*** Begin section ***

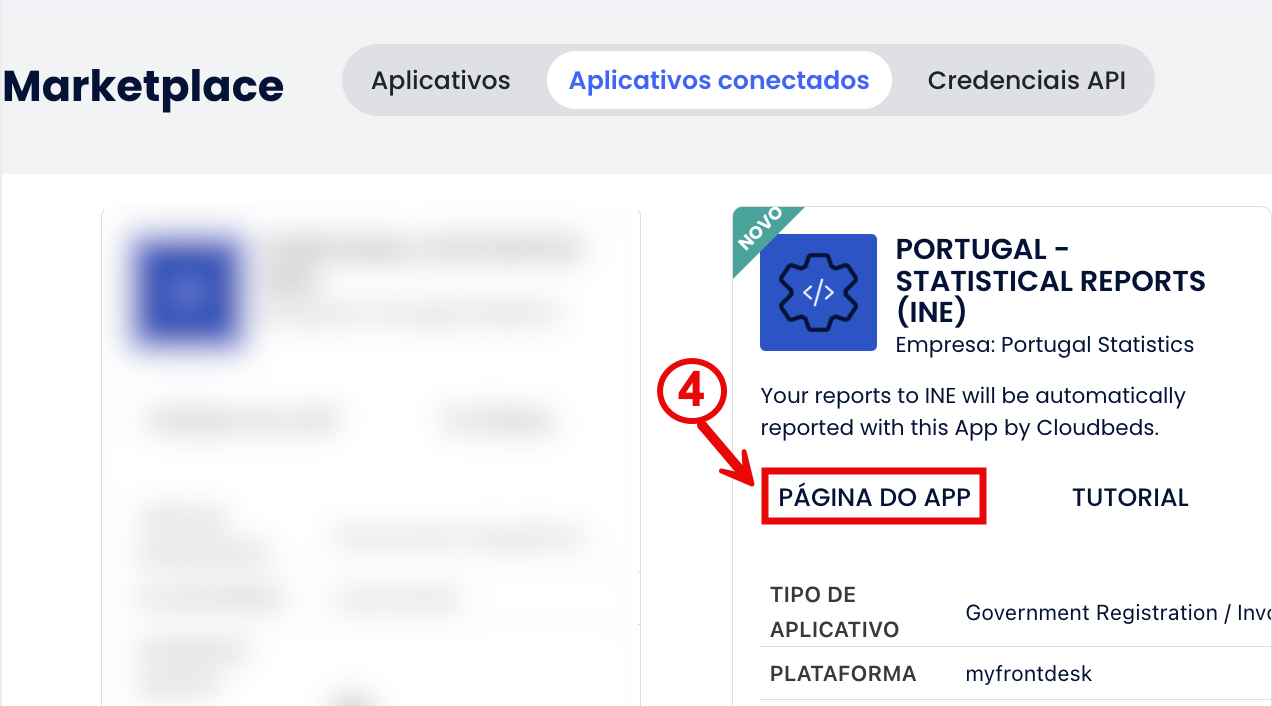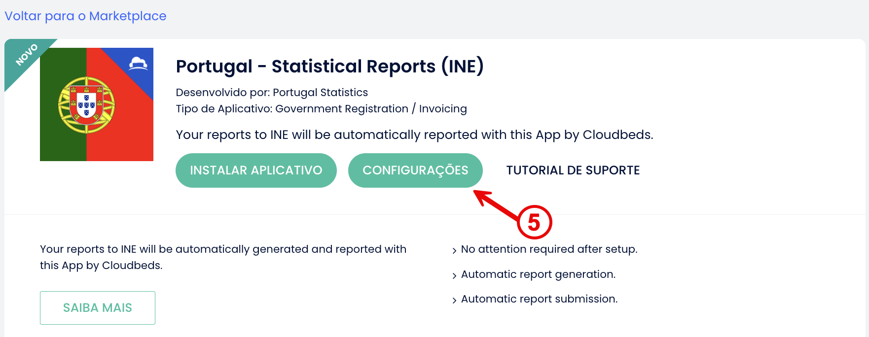 - Conecte o aplicativo Portugal Statistical Reports (INE) no Marketplace: Como Conectar um Aplicativo ao PMS da Cloudbeds;
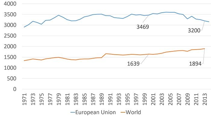Az EU és a világ energiafelhasználása, ezer kg olaj/főben kifejezve. (2000. és 2013. évek adatai kiemelve.)
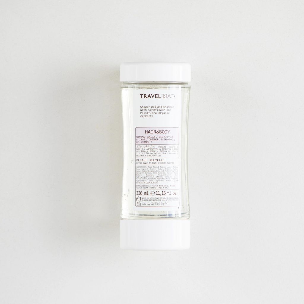 Il sapone liquido Travelcare è arricchito con estratti biologici di avena e oryza sativa, per detergere delicatamente e mantenere i capelli sempre in condizioni ottimali.
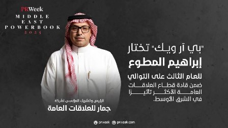 اختارت مجلة PRWeek العالمية المتخصصة في مجال العلاقات العامة والاتصال، إبراهيم المطوع، الرئيس والشريك المؤسس لشركة جمار للعلاقات العامة، ضمن قائمة قادة قطاع العلاقات العامة والاتصال الأكثر تأثيرًا في منطقة الشرق الأوسط لعام 2025، وهي السنة الثالثة على التوالي التي تُدرج فيها المجلة اسم المطوع في قائمتها السنوية، والتي تسلط الضوء على رواد القطاع في المنطقة الذين يشكلون مستقبل صناعة الاتصال.
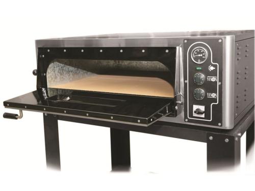 Камера вмещает 4 заготовки для пиццы диаметром 350 мм. Рабочий диапазон температуры духовки 20-4500 С. Печь имеет возможность устанавливаться на подставку ПП-4. Облицовка выполнена из крашенного металла, дверка и рамка камеры из эмалированного, а жарочный шкаф из оцинкованного листа толщиной 1,5 мм. В камере установлены поды из жаропрочного камня толщиной 15 мм. Печь для пиццы работает от сети 230 В.
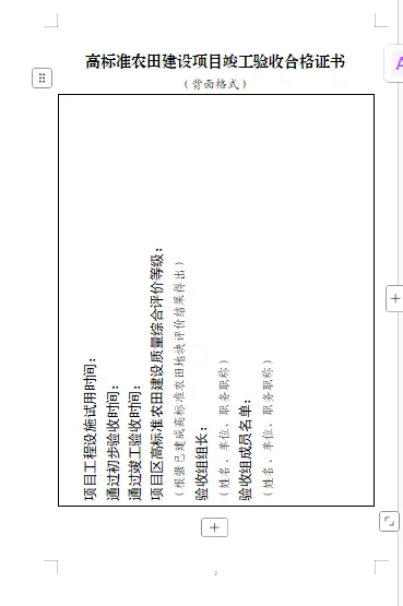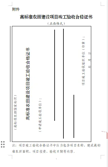 附件:高标准农田建设项目竣工验收合格证书(正面格式、背面格式)

*** End section ***

(Work order)
Print the listing verbatim; no pictures.

(Solution for this task)
 - Conecte o aplicativo Portugal Statistical Reports (INE) no Marketplace: Como Conectar um Aplicativo ao PMS da Cloudbeds;
Az EU és a világ energiafelhasználása, ezer kg olaj/főben kifejezve. (2000. és 2013. évek adatai kiemelve.)
 Il sapone liquido Travelcare è arricchito con estratti biologici di avena e oryza sativa, per detergere delicatamente e mantenere i capelli sempre in condizioni ottimali.
 اختارت مجلة PRWeek العالمية المتخصصة في مجال العلاقات العامة والاتصال، إبراهيم المطوع، الرئيس والشريك المؤسس لشركة جمار للعلاقات العامة، ضمن قائمة قادة قطاع العلاقات العامة والاتصال الأكثر تأثيرًا في منطقة الشرق الأوسط لعام 2025، وهي السنة الثالثة على التوالي التي تُدرج فيها المجلة اسم المطوع في قائمتها السنوية، والتي تسلط الضوء على رواد القطاع في المنطقة الذين يشكلون مستقبل صناعة الاتصال.
 Камера вмещает 4 заготовки для пиццы диаметром 350 мм. Рабочий диапазон температуры духовки 20-4500 С. Печь имеет возможность устанавливаться на подставку ПП-4. Облицовка выполнена из крашенного металла, дверка и рамка камеры из эмалированного, а жарочный шкаф из оцинкованного листа толщиной 1,5 мм. В камере установлены поды из жаропрочного камня толщиной 15 мм. Печь для пиццы работает от сети 230 В.
 附件:高标准农田建设项目竣工验收合格证书(正面格式、背面格式)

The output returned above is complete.